Ultimately all of the OPS recommendations were dismissed by Chief Calvin Williams or Public Safety Director Karrie Howard.
The monitor’s report also raised several concerns about the process that lead up to Howard’s ultimate decisions on discipline. Among the issues raised was a Dec. 3, 2020, newspaper article, written after Williams and Howard sat for interviews with the Plain Dealer editorial board.
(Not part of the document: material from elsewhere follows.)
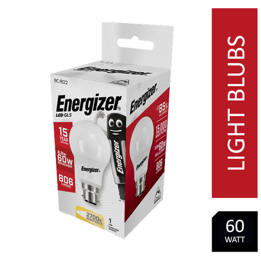 Energizer BC/B22 GLS 8.8/60W 2700k | Warm White LED Bulb | 5 Pack +1 Free
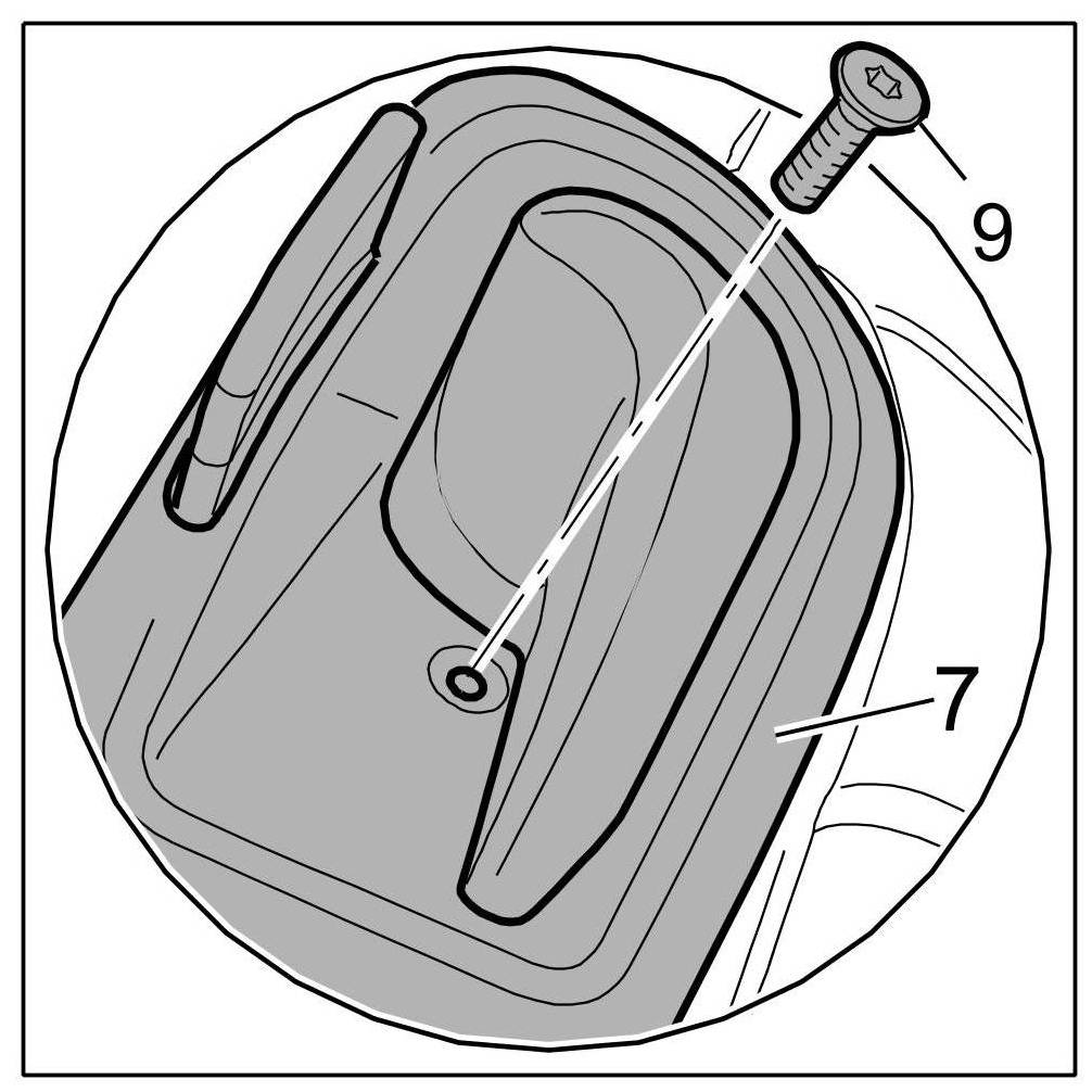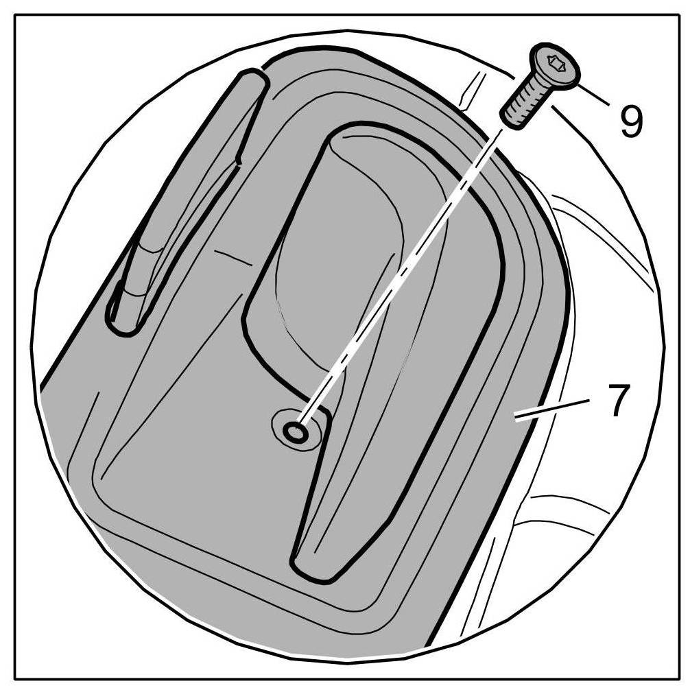5. Screw in fastening screws -8- -9- and tighten to the specified torque. => Tightening torque: 4.5 Nm (3.5 ftlb.)+/-0.5 Nm (+/-0.5 ftlb.) => Tightening torque: 2.5 Nm (2.0 ftlb.)

They both said officers properly handled the pursuit that led to Chappman’s death.
OPS, which reports to the public safety director, had not yet completed its investigation when Howard made his comments.
“We would expect that, prior to speaking publicly about such a significant incident, the Director would have conferred with the OPS about the existence of an investigation and any issues that had been identified at that point in time,” the monitoring team. “A reasonable observer would be led to question whether the Director’s ultimate findings were based on an objective evaluation of the evidence or were made to justify his prior public statements.”
Cleveland defended Howard’s comments, saying he was responding to specific questions from the media.
“The Director is the supervisory authority over the CDP and was answering fact-based media questions predicated on the CDP’s investigation,” the city said in its response.
Ultimately, the monitor highlighted seven problems with the city’s handling of the investigation, focused on the internal investigation and the city’s dismissal of the discipline recommendations forwarded by the Civilian Police Review Board.
The monitor described the episode as a clear violation of the consent decree and a failure on the city’s part to show that accountability measures put in place by the six-year-old agreement with the U.S. Justice Department have taken hold.
But in closing, the monitor struck a hopeful note about the transition to a new mayoral administration. Mayor-elect Justin Bibb will take over from ougoing Mayor Frank Jackson on Jan. 3.
“We do look forward to addressing our concerns with the new City leadership with the expectation that future police-involved critical incidents will be investigated and adjudicated in a responsible manner, with collaboration and cooperation between the CDP and the OPS,” the monitoring team wrote.